Blog 3: “The Price of Everything” & Berger “Ways of Seeing”

Victor 25448 by Jean-Michel Basquiat

In “The Price of Everything” documentary Nathaniel Kahn chronicles the current issue around the art market and art when it comes to artists. At the start of the documentary it is said, “The only way to make sure culture artifacts survive is for them to have commercial value”. Throughout the rest of the documentary many artist like Larry Poons and art sellers speak on their perspectives with the selling of art marked up triple and more times much than it’s original selling value. Also, how older art is valued in comparison to contemporary pieces. The central point of the documentary relates to Berger’s point in “Ways of Seeing” on how much their has been a shift arts value. In addition to this how the social class of the rich is the center of the issue. In “The Price of Everything” art seller, Gavin Brown spoke about the purpose of art changing. Berger had said, “The experience of art, which at first was the experience of ritual, was set apart from the rest of life-precisely to be able to exercise power over it. Later the preserve of art became a social one. It entered the culture of the ruling class” (32). Therefore the main argument is that art changed overtime to become what it is because of the ruling class/rich and wealthy having power of what is valued. For them, the power comes with money that excludes them and the art pieces they are able to purchase out of the hands of others or anyone from the lower class. Due to this, the way artists are looked at and their work has changed. With emphasis being on the more wealthier or in the mainstream an artists is, the more their art has value in the eyes of others.

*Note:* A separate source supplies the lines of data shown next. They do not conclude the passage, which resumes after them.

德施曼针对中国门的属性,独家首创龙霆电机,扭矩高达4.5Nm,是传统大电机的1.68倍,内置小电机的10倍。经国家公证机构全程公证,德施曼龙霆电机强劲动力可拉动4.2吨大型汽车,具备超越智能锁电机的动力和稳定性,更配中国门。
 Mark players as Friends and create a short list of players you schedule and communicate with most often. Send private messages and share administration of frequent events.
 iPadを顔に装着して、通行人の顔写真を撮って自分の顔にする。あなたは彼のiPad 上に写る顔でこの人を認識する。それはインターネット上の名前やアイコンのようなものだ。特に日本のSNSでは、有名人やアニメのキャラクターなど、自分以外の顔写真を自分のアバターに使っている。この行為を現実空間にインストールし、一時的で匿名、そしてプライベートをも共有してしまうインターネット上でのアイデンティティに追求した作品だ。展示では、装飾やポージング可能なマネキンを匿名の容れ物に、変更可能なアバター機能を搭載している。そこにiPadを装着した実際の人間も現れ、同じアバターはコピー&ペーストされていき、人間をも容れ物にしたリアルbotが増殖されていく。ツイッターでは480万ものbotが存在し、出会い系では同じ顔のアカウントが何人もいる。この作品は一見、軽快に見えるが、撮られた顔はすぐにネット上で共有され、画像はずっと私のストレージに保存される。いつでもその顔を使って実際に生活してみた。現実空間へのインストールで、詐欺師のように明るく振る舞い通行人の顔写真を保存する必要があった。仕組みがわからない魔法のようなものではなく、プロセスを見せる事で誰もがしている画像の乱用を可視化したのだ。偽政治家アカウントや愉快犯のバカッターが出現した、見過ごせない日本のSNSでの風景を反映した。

Another thing that is mentioned is how the older works, that are preserved and sold at art shows have a connection to the rich buying them. Berger mentioned that, “the museums [art] are fully of holy relics which refer to a mystery which excludes them: the mystery of unaccountable wealth. Or, to put this another way, they believe that original masterpieces belong to the preserve (both materially and spiritually) of the rich” (24). For those that are rich them purchasing older works goes hand in hand with their mentality and perspective on wealth and needing to preserve with and the value of those exclusive pieces that they buy. An interesting analogy that was made by Barbara Rose is contemporary art being alike “a luxury brand”. Even though contemporary art pieces are more modern there is a connection made with calling it a luxury brand since luxury thrives off and markets primarily to the upper class that have the power through money to have accessibility to stuff over those from the lower class. Overall money gives the wealthy class the accessibility to purchase those art pieces and preserve who has access to it as well.

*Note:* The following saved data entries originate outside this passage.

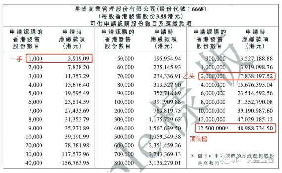打新乙头需要申购200万股2000手,参考上两只股稻草熊(02125)和网上车市(01490)都是30万左右人申购,乙组网上车市2700人,稻草熊乙组2400人,星盛商业按2500人申购乙组算,预计乙头中签10~15手。计息6天,按20倍融资,利率3%算,打和点8.5%左右。
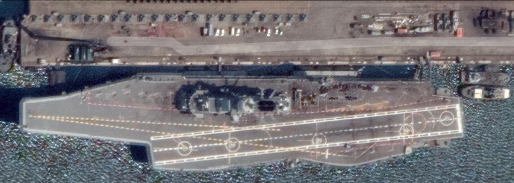 网上的卫星地图,应该是2015年最后一次下水前的维克兰特号
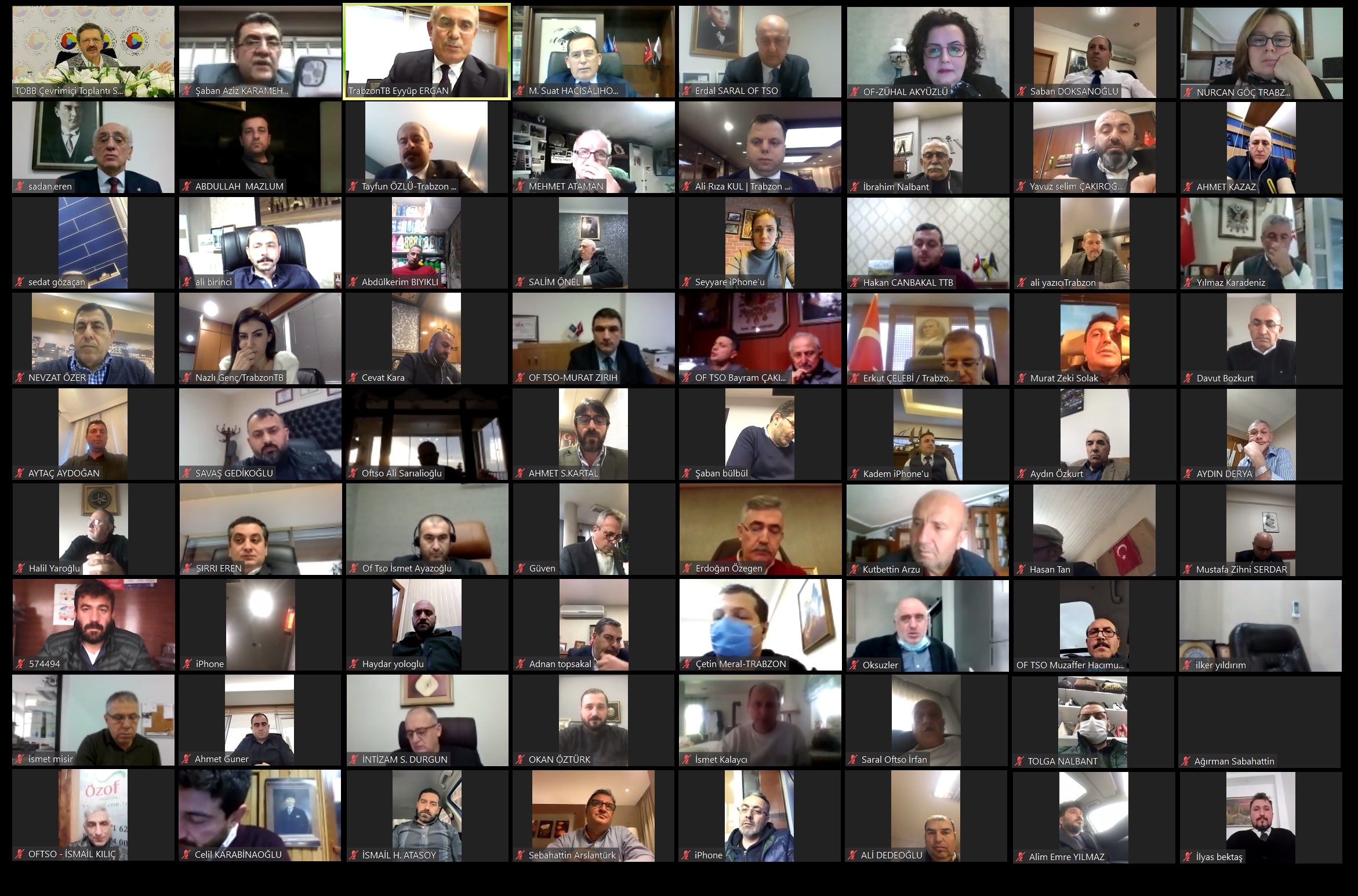 Video konferans sistemi ile yapılan ve Trabzon Ticaret Borsası Yönetim Kurulu Başkanı Eyyüp Ergan’ın moderatörlüğünde gerçekleştirilen toplantıda, Trabzon ve ülkenin genel problemleri üzerinde durulup, katılımcıların çözüm önerileri alındı. Özellikle pandemi sürecinde yaşanan sorunlar istişare edilerek, ilgili kurumlara iletilmek üzere talep ve öneriler değerlendirildi.
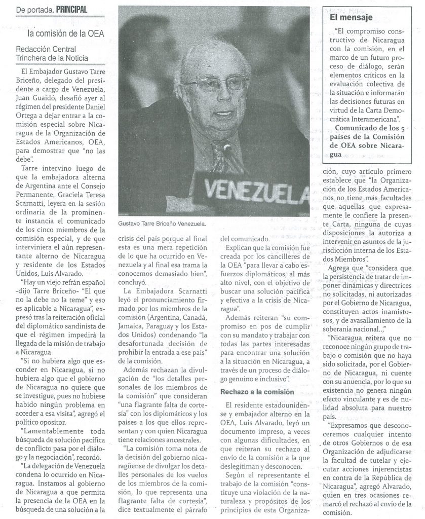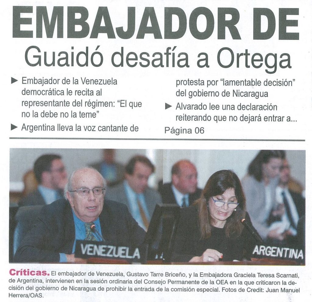Embajador de Guaidó desafía a Ortega
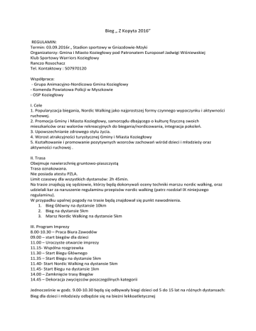Bieg „ Z Kopyta 2016” REGULAMIN: Termin: 03.09.2016r., Stadion sportowy w Gniazdowie‐Mzyki Organizatorzy: Gmina i Miasto Koziegłowy pod Patronatem Europoseł Jadwigi Wiśniewskiej Klub Sportowy Warriors Koziegłowy Ranczo Rosochacz Tel. Kontaktowy : 507970120 Współpraca: ‐ Grupa Animacyjno‐Nordicowa Gmina Koziegłowy ‐ Komenda Powiatowa Policji w Myszkowie ‐ OSP Koziegłowy I. Cele 1. Popularyzacja biegania, Nordic Walking jako najprostszej formy czynnego wypoczynku i aktywności ruchowej. 2. Promocja Gminy i Miasta Koziegłowy, samorządu dbającego o kulturę fizyczną swoich mieszkańców oraz walorów rekreacyjnych do biegania/nordicowania, integracja pokoleń. 3. Upowszechnianie zdrowego stylu życia. 4. Wzrost atrakcyjności turystycznej Gminy i Miasta Koziegłowy 5. Kształtowanie i promowanie pozytywnych wzorców zachowań wśród dzieci i młodzieży oraz aktywności ruchowej . II. Trasa Obejmuje nawierzchnię gruntowo‐piaszczystą Trasa oznakowana. Nie posiada atestu PZLA. Limit czasowy dla wszystkich dystansów: 2h 45min. Na trasie znajdują się sędziowie, którzy będą dokonywali oceny techniki marszu nordic walking, oraz udzielali kar za naruszenie regulaminu przepisów nordic walking (patrz rozdział IX niniejszego regulaminu). W przypadku upalnej pogody na trasie będą znajdował się punkt nawodnienia. 1. Bieg Główny na dystansie 10km 2. Bieg na dystansie 5km 3. Marsz Nordic Walking na dystansie 5km III. Program Imprezy 8.00‐10.30 – Praca Biura Zawodów 09.00 – start biegów dla dzieci 11.00 – Uroczyste otwarcie imprezy 11.15‐ Wspólna rozgrzewka 11.30 – Start Biegu Głównego 11.35 – Start Biegu na dystansie 5km 11.40‐ Start Nordic Walking na dystansie 5km 11.45‐ Start Biegu na dystansie 1km 14.00 – Zamknięcie trasy Biegów 14.45 – Dekoracja zwycięzców poszczególnych kategorii Jednocześnie w godz. 9.00‐10.30 będą się odbywały biegi dzieci od 5 do 15 lat na różnych dystansach: Bieg dla dzieci i młodzieży odbędzie się na bieżni lekkoatletycznej Kategoria I godz 09.00 PRZEDSZKOLAKI dystans 100m Kategoria II godz. 09 :20 SZKOŁA PODSTAWOWA *Klasy 1‐3 dziewczyny i chłopcy dystans 200m *Klasy 4‐6 dziewczyny i chłopcy dystans 400m Kategoria III godz.09:40 SZKOŁA GIMNAZJALNA *Klasy 1‐3 dziewczyny 800 m *Klasy 1‐3 chłopcy 1200 m IV. Uczestnictwo 1. Zawody są otwarte dla wszystkich zainteresowanych, zarówno osób zrzeszonych w klubach sportowych, jak i amatorów. Limit Uczestników wynosi 400 osób (250 osób‐ bieg, 150 osób‐ nordic walking). 2. Zawodnicy niepełnoletni muszą posiadać zgodę prawnych opiekunów na uczestnictwo w Biegu (podpisanie oświadczenia w Biurze Zawodów przez rodzica lub opiekuna prawnego po przedstawieniu dokumentu tożsamości). 3. Każdy zawodnik startuje wyłącznie na własną odpowiedzialność, co potwierdza złożeniem podpisu pod oświadczeniem o zdolności do udziału w zawodach. Organizator nie ubezpiecza uczestników. 4. Wszyscy startujący zawodnicy muszą zostać zweryfikowani w Biurze Zawodów. 5. Podczas weryfikacji zawodnicy muszą okazać dokument tożsamości ze zdjęciem. 6. Zawody odbędą się bez względu na warunki atmosferyczne, z zastrzeżeniem sytuacji zagrażającym bezpieczeństwu. 7. Wyniki końcowe dostępne będą po zakończeniu imprezy na stronie http://wynikionline.pl/ 8. Zawodnicy wyrażają zgodę na przetwarzanie ich danych osobowych dla potrzeb wewnętrznych Organizatora imprezy oraz na wykorzystanie ich wizerunku w materiałach informacyjnych i reklamowych. 9. W ramach pakietu startowego Uczestnicy otrzymują m.in. numer startowy wraz z agrafkami, posiłek regeneracyjny po biegu, wodę mineralną po biegu oraz pamiątkowy medal. V. Pomiar czasu Prowadzony będzie elektroniczny pomiar czasu z wykorzystaniem chipów umieszczonych w numerze startowym. Oficjalnym czasem biegów jest czas BRUTTO. Numer startowy należy umieścić w widocznym miejscu na klatce piersiowej. Numer startowy nie może być zakryty ani zasłonięty, w przeciwnym wypadku Organizator nie gwarantuje prawidłowości pomiaru czasu. Wyniki nieoficjalne obowiązują przez 72 godziny od publikacji w tym czasie można składać reklamacje oraz wnosić o korektę danych VI. Zgłoszenia i Opłaty 1. Zgłoszenia przyjmowane są poprzez wypełnienie formularza zgłoszeniowego dostępnego na stronie http://biurozawodow.pl/events/info/z‐kopyta‐2016 do dnia 31 sierpnia 2016 r. 2. Odbiór pakietu startowego będzie możliwy: w dniu zawodów 03 września 2016r. W miejscu Stadionu sportowego Gniazdów‐Mzyki w godzinach 8:00 – 9:30. 3. W przypadku przekroczenia 400 zgłoszeń do udziału w Biegu Organizator automatycznie kończy przyjmowanie zgłoszeń. 4. Za zgłoszenie uważa się wypełnienie formularza zgłoszeniowego i uiszczenie opłaty startowej. 5. Każdy z Uczestników Biegu ma obowiązek sprawdzenia przed Biegiem czy jest umieszczony na liście startowej. 6. Dzieci w towarzystwie rodziców lub opiekunów biorą udział w zabawach i wyścigach po uprzednim zarejestrowaniu się w Biurze Zawodów. 7. Wysokość opłaty startowej w Biegu Głównym, biegu na 5 km i Marszu Nordic Walking: 20 zł. Opłatę należy uiścić do dnia 30 sierpnia 2016r. Dzieci w wieku przedszkolnym oraz z klas I‐VI szkoły podstawowej i gimnazjum są zwolnione z opłaty startowej. 8. W dniu zawodów opłata startowa w Biegu Głównym, biegu na 5 km i Marszu Nordic Walking: 40 zł. 9. W dniu zawodów organizator będzie dysponował (poza osobami zgłoszonymi przez Internet i opłaconymi): 50 pakietami na wszystkie biegi / marsz NW. VII. Klasyfikacja I. Bieg Główny a. Open Kobiet i Open Mężczyzn b. Klasyfikacje wiekowe: ‐ K‐20 / M‐20 18‐39 lat (rocznik 1998‐1977) ‐ K‐40 / M‐40 40‐59 lat (rocznik 1976‐1957) ‐ K‐60 / M‐60 60 i więcej lat (rocznik 1956 i starsi) c. Najszybszy Mieszkaniec i Mieszkanka Gminy i Miasta Koziegłowy II. Marsz Nordic Walking a. Open Kob

I think to a certain extent art should be held ethically accountable when it comes to how artists are getting the treatment that they do. A quote that stood out to me from Larry Poons is “I don’t think I’ll be alive today if I got rich then”. I read his quote as saying that for him he would have lost his place, his own ethics would have been messed up with how wealth when it came to art changed everything. His quote relates to ethics and Berger’s argument with art’s shift and who has the real power of things due to money. It is imperative that not only should art be ethically accountable but those buying the art and those selling it as a markup of artists original work/selling of it. Art and capital should be able to co-mingle to the extent when it comes to artists supporting themselves and creating. Artist should be able to get paid for their work without them getting the short end of the stick because someone is selling their work. Its their work they created and they should benefit from it. However the issue that comes up and is often asked with artist wanting to be paid of their value and their work is, The intention behind their creation(s)? Also with their purpose in being artists? Is the work they are creating for the sole gain of being known and wealthy or to be expressive and paid their work?

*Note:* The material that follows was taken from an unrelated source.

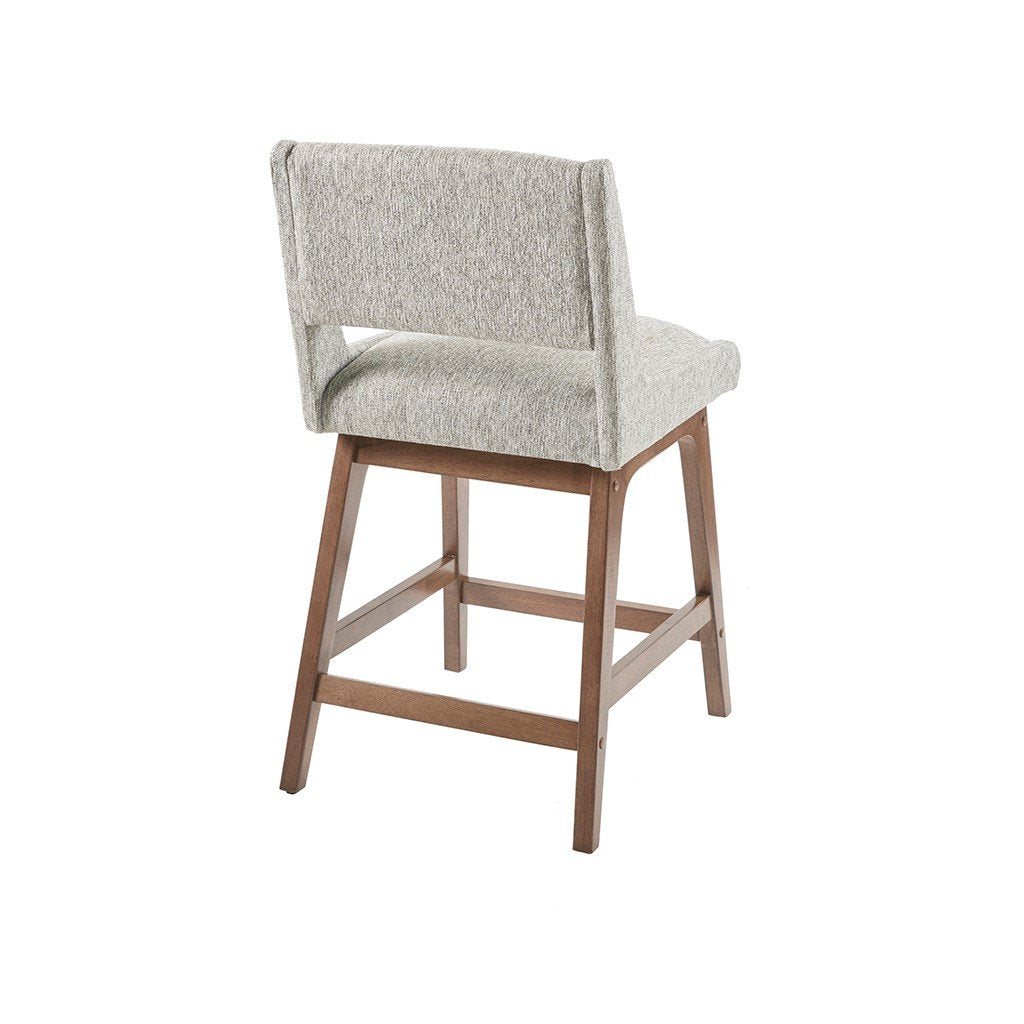 Beautifully crafted, the INK+IVY Boomerang Dining Counter Stool adds a chic look to your dining area. The attached seat cushion and back are fully upholstered for a superior comfort, while straight solid wood legs provide exceptional support. A pecan finish on the legs of these dining chairs complements the light grey upholstery creating a warm appeal. Include this upholstered counter stool in your home to bring out the beauty and style of your dining room. Assembly is required. Max weight capacity: 300 lbs.
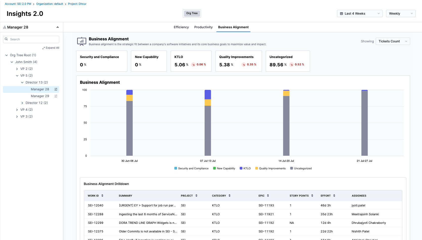 The Business Alignment Report in SEI 2.0 helps you understand how your teams are investing their time across business-relevant categories, such as KTLO, Quality Improvements, and Security & Compliance. Unlike the previous widget, this version uses team-level category definitions instead of global allocation goals, offering greater customization and contextual alignment per team.

I agree with the point that intersects between the film and Berger. I feel as though art has shifted in the intent with creation. Wealth and the upper class is at the center of the art buying and it is looked if art is not being bought it’s not good or has no value at all. In the long run this has an effect on the way art is valued and how that affects other artists like Jean-Michel Basquiat of the past and contemporary ones as well like Njideka Akunyili Crosby. From the documentary it was mentioned that at he told George Condo his work was not being sold and had no idea if it was due to his race or him being an outcast to those around him that were successful artists in a different social class he was in at the time. Since wealth shares a connection to social class and race as well their is a lot of influences in how artists work is treated, consumed and valued. For many artists and those of the past it was a gamble taken to be one and on the outside of the art market with art selling being on the rise.

My position on that commonality speaks to my answers in 2 because of how their is a lack of ethics being taken around art being sold and the way artists are treated as a result. For art sellers they want to sell the art pieces their value is placed on benefiting from a sale(s). For artists they are put in a challenging position with possibly creating art that will sell and sacrificing doing what they want instead. For those in the upper class they are buying into what needs to be preserved when it comes to material in terms of wealth and art. Lastly, the question that can be sparked with knowing how artitst and their work is being effected, is how things can be worked out to their benefit with money/capital being connected to their art? Because as Gavin Brown explained it the two are “Siamese twins”.